This is the kind of shit that just drives me crazy. In the AV Club, Noel Murray reviews the new 25th anniversary boxed set of Graceland. Which is a good album, and a controversial one, considering that Simon has been repeatedly accused of stealing the music of the South African artists (among others), and because he violated the anti-apartheid cultural boycott in order to make and promote the album.
Now, I'm willing to have a discussion about the value of the boycott and the meaning of artistic and intellectual freedom. I certainly think Simon had the right to violate the boycott for artistic reasons, but those reasons are inherently selfish. I think it's fair to like the album and still be unhappy about its genesis, and to praise Simon for what he produced while questioning its production.

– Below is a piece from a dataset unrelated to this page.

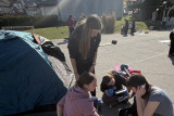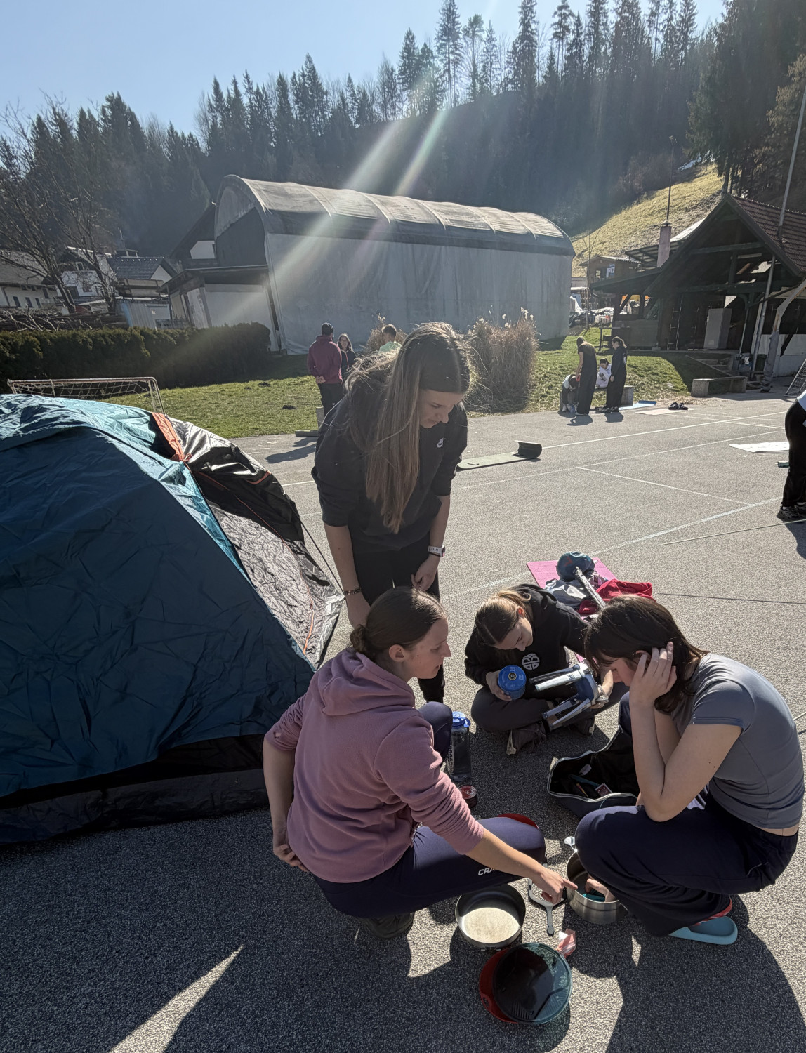 Pred kosilom so dijaki na igrišču za šolo postavili tudi šotore. Nekateri so jih postavili hitro in brez zapletov, drugi so ob tem hitro ugotovili, da je postavljanje šotora lahko težavno opravilo. Prav takšne izkušnje pa so pomemben del priprav na odpravo. Sledila je še priprava kosila na gorilnikih. Dijaki so preizkusili, kako poteka kuhanje na odpravi, obenem pa smo pregledali tudi del njihove opreme in se pogovorili o tem, kaj se je izkazalo za dobro izbiro ter kaj bi bilo smiselno še izboljšati.
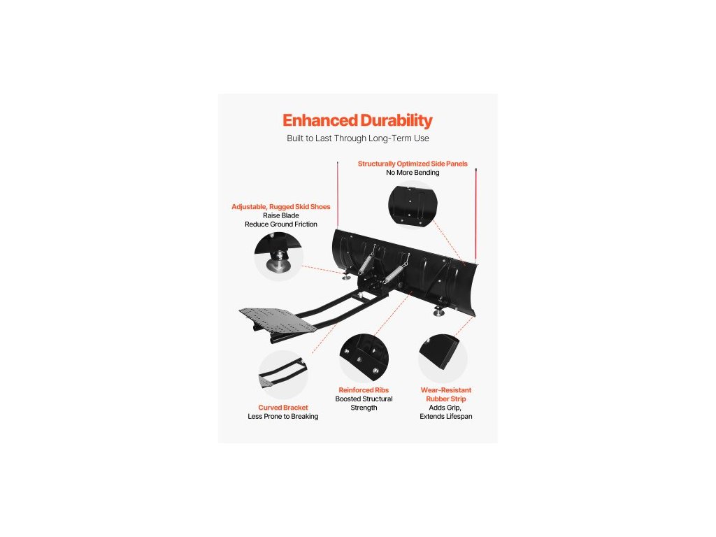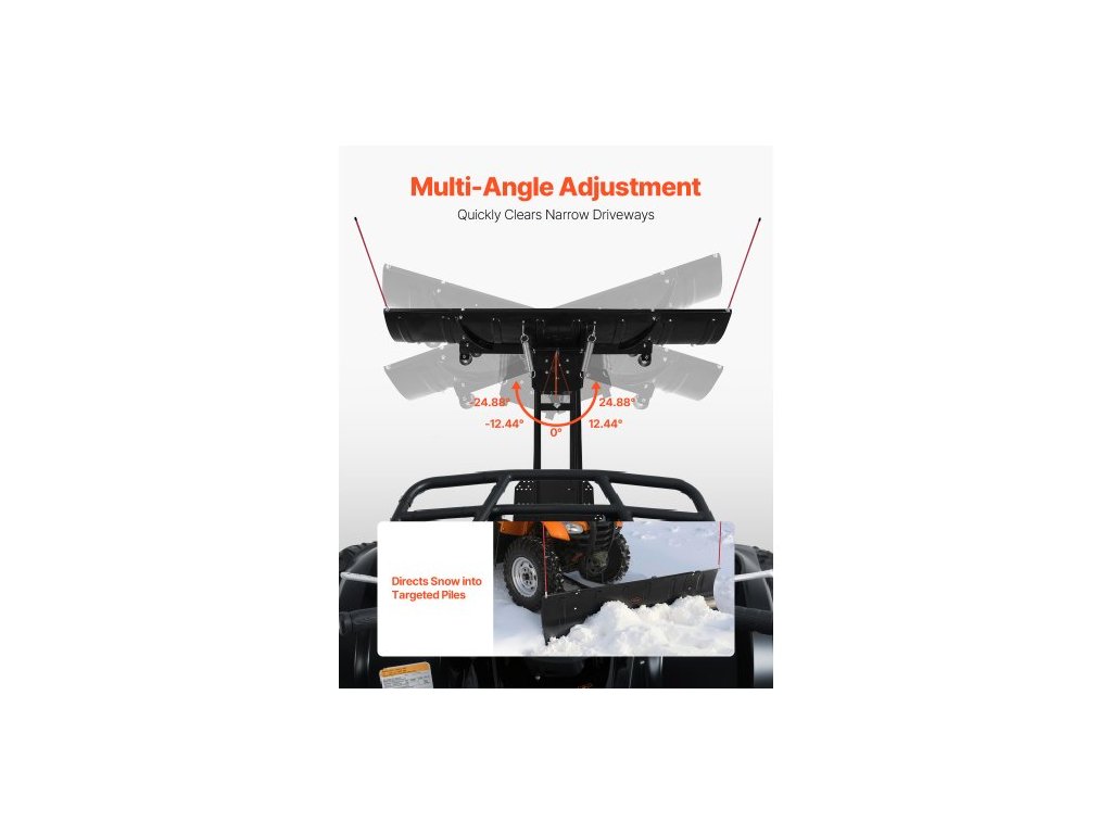 Radlice na sněžný pluh , nastavitelná šířka 109/183 cm, snadno odnímatelná, univerzální držák pluhu s gumovými chlopněmi, odolná ocelová radlice, kompatibilní s většinou UTV a ATVReflexní značení pro noční použití

But several of the commenters on the review don't do that. Instead, they defend Simon by suggesting that the cultural boycott was an example of sanctimonious white liberals imposing an unhelpful tactic on South Africa. Asks one commenter, "honestly who do you think did more for South African culture and the Anti-apartheid movement: Paul Simon or Stevie Van Zandt?" Which would be cutting! If the cultural boycott was the product of Stevie Van Zandt. Actually, it was the African National Congress-- an internal resistance movement of black South Africans and certainly the single most important group in the anti-apartheid struggle-- that had called for the academic boycott (which became a broader cultural boycott) in 1958. It wasn't a matter of guilt-ridden Westerners being preachy. It was a matter of principled people following the explicit request of an internal resistance movement that opposed a hideously racist regime.
These commenters think that they're cutting against western liberal pretensions by arguing against the boycott and acting as if it was foisted from the outside by white musicians. They're actually revealing both an ignorance of history and the assumption that all activism and resistance ultimately descends from white sources.
This assumption, of political liberal cluelessness, is rampant in our culture, but particularly within the environs of vague cultural liberalism and attendant status competitions. I do wonder when the people of the world will wake up and realize that the knee-jerk, uneducated liberalism of popular culture is a caricature, and that to whatever extent such a phenomenon exists, it's about 1/1,000,000th of our problems right now.